Человек из Афин - [6]
Лакедемоняне, видя, что конница выходит из дела, вовсе не побывав в нем, удвоили свой натиск. Особенно страдало войско Толмида. Отступление его вскоре превратилось в повальное бегство. Противник наступал ему на пятки. Не было никакой возможности устоять, ибо лакедемоняне ввели на своем левом крыле свежее войско…
Миронид выслал Толмиду подкрепление. Полсотни гоплитов дали возможность Толмиду собрать людей и снова встретить противника лицом к лицу. Сеча была упорной и жестокой. Только слепой мог не заметить, что победа любой стороне достанется великой ценою.
Перикл все это предвидел. Скоропалительность военного похода, плохая подготовка войска и просчет в оценке вражеской силы не могли принести добра. Да и самый оракул, который был дан перед походом, невозможно рассматривать как вполне определенный. Скорее наоборот: двусмысленность ответа не вызывала сомнений. Только горячие головы, вроде Миронида и Толмида, могли принять данный им оракул как благоприятный. К голосу Перикла не прислушались…

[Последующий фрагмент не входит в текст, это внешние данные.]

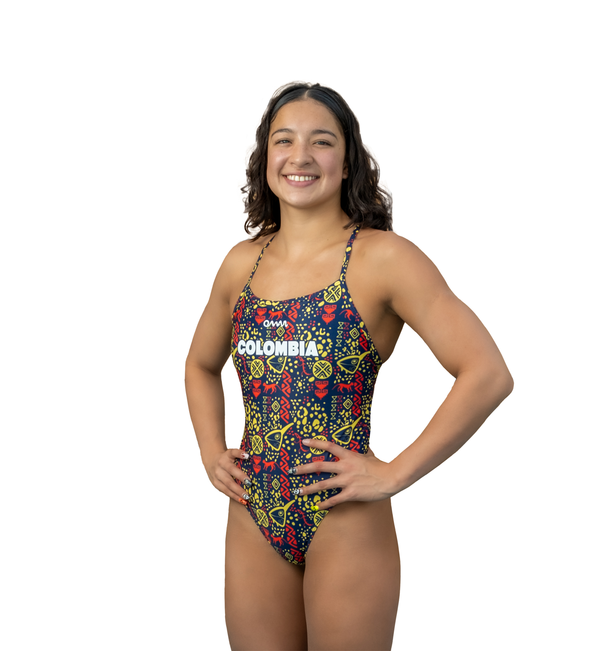 Vestido de baño enterizo con una altura media de pierna, con estampado "Aborigen" original de la marca OMAR PINZON Swimwear inspirado en nuestra hermosa Colombia.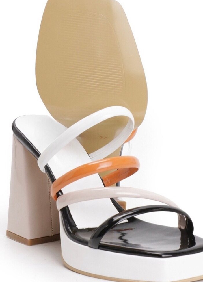Bej renkli, tokalı, çok renkli bantlara sahip kadın platform topuklu ayakkabı, günlük kullanım için kauçuk tabanlı.

В войске Миронида находились сто тяжеловооруженных сторонников Кимона. Самого Кимона, преданного остракизму, афиняне не допустили к битве. Тогда Кимон обратился к своим единомышленникам с таким посланием: «Я, к великому своему огорчению, не смогу принять участия в битве и пролить свою кровь за счастье дорогих моему сердцу Афин. Молю вас: отведите от себя всякое подозрение, выкажите доблесть, которая присуща нам, афинянам. Пусть боги пошлют вам неслыханную и невиданную доблесть, на удивление согражданам и на страх врагам. Что бы ни случилось – даже самое худшее! – я уверен, что трусость не совьет гнезда в ваших сердцах. Вот случай, который посылают нам боги для того, чтобы афиняне могли убедиться в том, что вы есть сыны их доподлинные и родные! Знайте же: я с вами душою, я рядом с вами!»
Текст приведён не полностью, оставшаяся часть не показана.